Falcon and the Winter Soldier Head Writer Details Reference to Red Skull

Television

The Falcon and the Winter Soldier has come to an end, but the show’s head writer, Malcolm Spellman, has shared a lot of thoughts about the series since its final episode dropped. Recently, the writer did an interview with Everyone Loves A Good Story and talked about some of his dream Marvel team-ups. Spellman was also asked about the Flag Smashers and their connection to a line said by Red Skull in Captain America: The First Avengers. “You could have the power of the gods! Yet you wear a flag on your chest and think you fight a battle of nations! I have seen the future Captain! There are no flags,” the villain says to Steve Rogers. While some believe the Flag Smashers pulled inspiration from Red Skull, Spellman admits that it wasn’t their intention when writing the script.

“I’m a halfway let you down. For sure, all the writers in the room watch all the Cap movies multiple times, and definitely the Red Skull scene ‘cause we knew Zemo would be referencing him as to the identity of superheroes and supremacy ends up becoming. The suit of power always land you in that place. The connective tissue… we did not catch that line going to the Flag Smashers, at least not consciously. Everyone watched that movie five times before the series so who knows what subconscious connectivity went off. No one caught that line when we’re doing the Flag Smashers,” Spellman explained.

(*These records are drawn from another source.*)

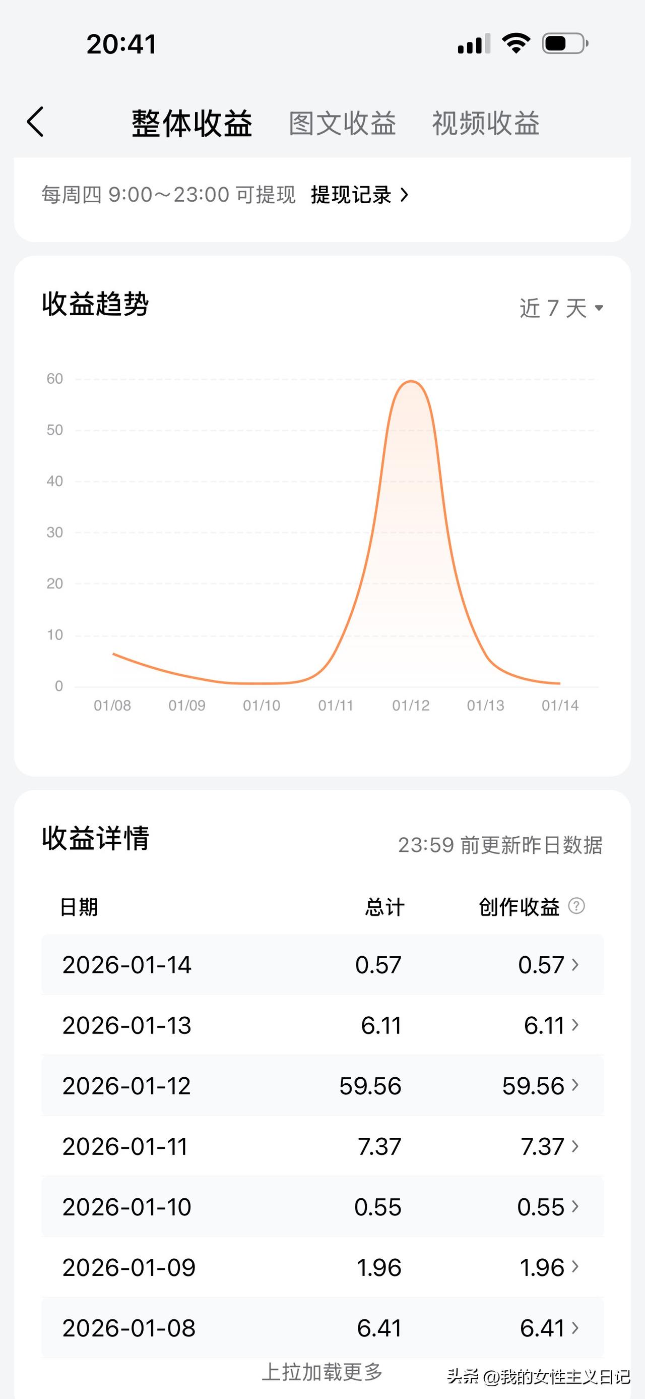 我本来不想晒收益的,收益少,没什么意义,收益多,很多网友达不到,比较之后会产生焦虑。这次晒一下,主要是对微头条的收益感到惊奇。因为一般微头条即使阅读量大,比起文章来,收益少多了,所以很少写。这次写了关于乒乓球的,只是说2026年一月多哈冠军赛后,国乒统治地位不在,不足300字,配了陈振江的照片,平淡无奇,阅读竟然达6万多,收益近60元。近期有篇文章阅读7千多,评论700多,收益还不足20元。微头条不用花很多精力,就是一个想法,看来性价比高很多,只是能有一个想法踩中大众的神经,也是太难了。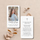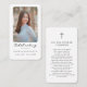 Dimensions cartes de visite : 3,5 po x 2,0 po. Cette simple carte de prière commémorative peut être donnée en souvenir lors d'une célébration de la vie ou d'un service funéraire ou envoyée en hommage spécial à ceux qui n'ont pas pu y assister. Personnalisez cette carte avec une photo préférée et votre choix de prière ou de poème au dos de la carte. Facile à customiser.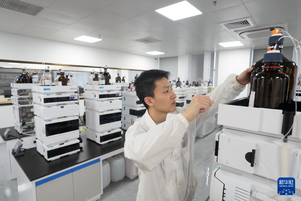 4月1日,在浙江国邦药业有限公司,工作人员在检验室对原料药进行液相检测。该公司致力于打造食药研产全球化产业基地,一季度实现满负荷生产,产值同比增长约14%。
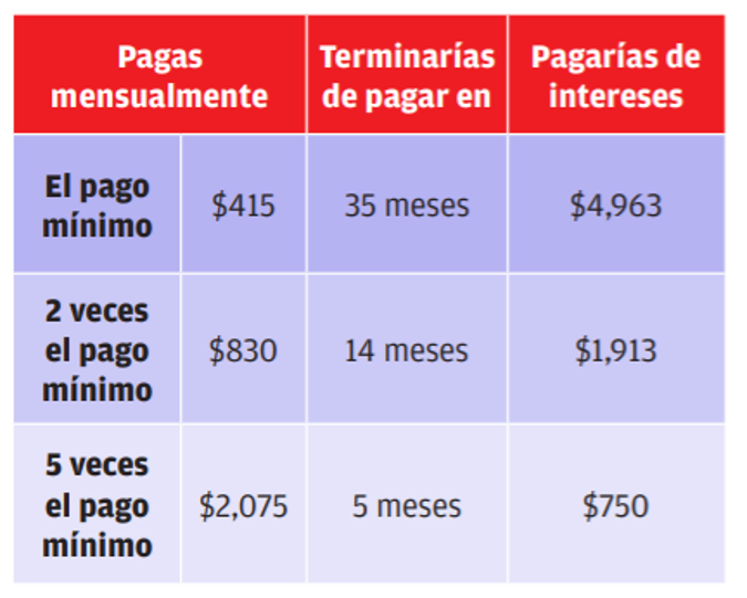 Por lo que si se paga cinco veces más del mínimo, la cantidad de intereses se reduce significativamente en más del 560 por ciento.

“You never know. You know that famous line, ‘a great artist steal.’ Basically, all artists look at other artists and draw from it, and do their own thing. You can set out to say, we don’t do a two-hander with Bucky and Sam that’s going to be like 48 Hrs and Lethal Weapon right? But at the time you’re done, it doesn’t look like that. It evolves as it goes. You’ll never know what you’re picking up when you’re digging with all these research,” he added.

We’re not too surprised to learn this wasn’t intentional considering Red Skull was a straight-up Nazi whereas Karli Morgenthau, the leader of the Flag Smashers, is considered by Spellman to be more of a fallen hero.

“In construction of the character, we were like, ‘Let’s make her a kid.’ And, ‘Let’s make her tap into the spirit of how people feel today.’ And even though the pandemic hadn’t hit yet, that all just exacerbated a feeling folks were having. And if you’re Black, you’ve been having it your whole life, which is, the game is rigged, the people who are at the top are becoming irresponsible. We accept that the game is rigged, but now, they’re getting irresponsible in how much they’re taking from us, and people just have to push back. And we wrote Karli as a hero. She is a hero that goes bad,” Spellman explained in Marvel Studios: Assembled.